## [Available data]
*** Block opens ***
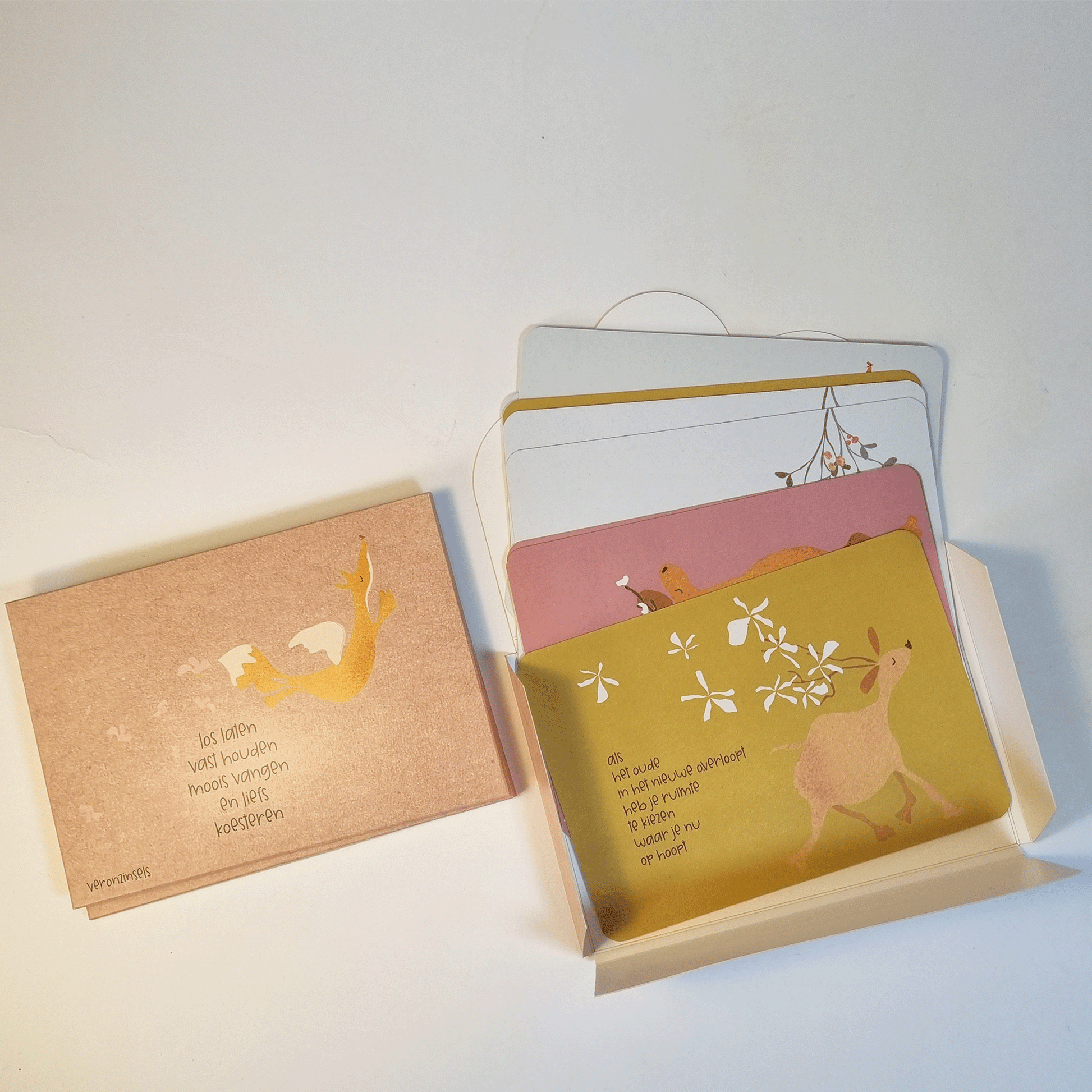 de kaarten zijn gedrukt op 100% gerecycled 300 grs karton, en hebben afgeronde hoeken
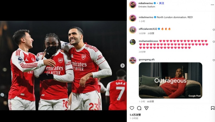精妙挑传送助攻!梅里诺社媒晒庆祝照:红色总揽北伦敦!
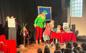 Ce mercredi 13 décembre, l’AJR (et plus particulièrement Agathe, référente adultes familles et Audrey, responsable Relais Petite Enfance et Référente parentalité) a organisé un spectacle « Enquête chez le Père Noël », à Cantaing-sur-Escaut présenté par la troupe Angueleia-Spectacles.
*** Block closes ***
Output all of the data exactly. Skip the pictures.

## [Result]
 de kaarten zijn gedrukt op 100% gerecycled 300 grs karton, en hebben afgeronde hoeken
精妙挑传送助攻!梅里诺社媒晒庆祝照:红色总揽北伦敦!
 Ce mercredi 13 décembre, l’AJR (et plus particulièrement Agathe, référente adultes familles et Audrey, responsable Relais Petite Enfance et Référente parentalité) a organisé un spectacle « Enquête chez le Père Noël », à Cantaing-sur-Escaut présenté par la troupe Angueleia-Spectacles.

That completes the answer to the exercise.